Working side-by-side with artisans achieves two things. First, it conserves traditional skills and knowledge for generations to come. Secondly, it helps ensure the top-tier quality of products that no factories or machines could ever reproduce.
As you can imagine, though, working alongside these small, family-run businesses and borrowing from their generations-old crafts comes at a heavy price. There is limited access to machines and automation, so production naturally costs more.
Sustainable fashion is undeniably more expensive than its more traditional counterparts, particularly fast fashion. But if you look beyond affordability, the low price tag of fast fashion reveals some truly horrifying things.
If we demand cut-price clothing, we’re turning a blind eye to everything it takes to make them that cheap.
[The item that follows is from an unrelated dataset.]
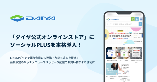 医療用品メーカーのダイヤ工業株式会社(本社:岡山県岡山市、代表取締役:松尾 浩紀)は、「ダイヤ公式オンラインストア( https://www.daiyak.co.jp/DaiyaWeb/Top/Index )」において、株式会社ソーシャルPLUS(所在地:東京都文京区、代表取締役:岡田 風早)が提供するLINEを活用したCRM・ソーシャルログインサービス「ソーシャルPLUS」を2022年2月より本格導入しました。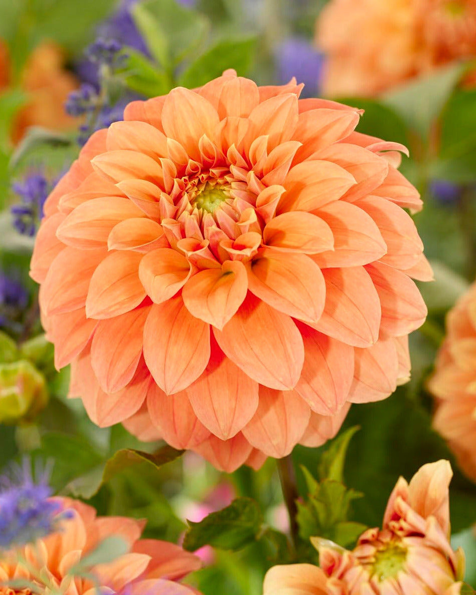 Dahlia 'Garden Jubilee' is a variety that brings instant warmth and celebration to the garden, as though a burst of late-summer sunshine has settled among the borders. Its blooms are richly coloured in glowing shades of orange, with a beautiful depth that feels both energetic and reassuring. Each flower is neatly rounded and generously filled, creating a pleasing, full silhouette. The colour begins with a bright, lively orange at the base of the petals, deepening gradually towards the outer edges into a more intense, burnished tone. This subtle transition gives Dahlia 'Garden Jubilee' a sense of movement and vitality, catching the light beautifully from morning to evening. It is a dahlia that lifts the mood instantly, working particularly well alongside warm-toned grasses, soft yellows, or dusky reds. Few plants deliver such consistent cheer as Dahlia 'Garden Jubilee'.

An excessive amount of natural resources are wasted, laborers are forced to work for less than a dollar an hour, and toxic waste is mindlessly discarded into waterways and landfills since it’s the cheapest thing to do.
Moreover, fast fashion churns out new clothing products every few weeks in massive amounts and slaps on a low price tag to attract customers. Consequently, people start to view clothing as easily disposable and replaceable.
Hence, the low price tag perpetuates the toxic cycle of wasteful, environmentally damaging, and inhumane practices in the fashion industry. The same extends to luxury brands as well, who still pay unfair wages and practice wasteful production.
So, the reason that sustainable fashion seems unreasonably expensive is actually that fast fashion has created unreasonable expectations.
On the other hand, sustainable fashion adheres to multiple values that encompass environmental and human welfare. But you can’t expect ethical sourcing, environmental protection, long-lasting products, and human welfare to come at a low cost.
Fast fashion has spoiled us. Cut-price clothing and other apparel items have conditioned us to believe that clothing should be that cheap.
But think about the true cost of a lower price tag: unethical sourcing, the breach of labor rights, polluting the environment, exploiting workers, and inflicting cruelty on animals.
From this perspective, the pricing behind sustainable fashion makes way more sense and is actually much less questionable. The reason why sustainable fashion is so expensive is simple: it costs a lot to make sure our fashion choices aren’t causing harm to our planet, nor to those who inhabit it.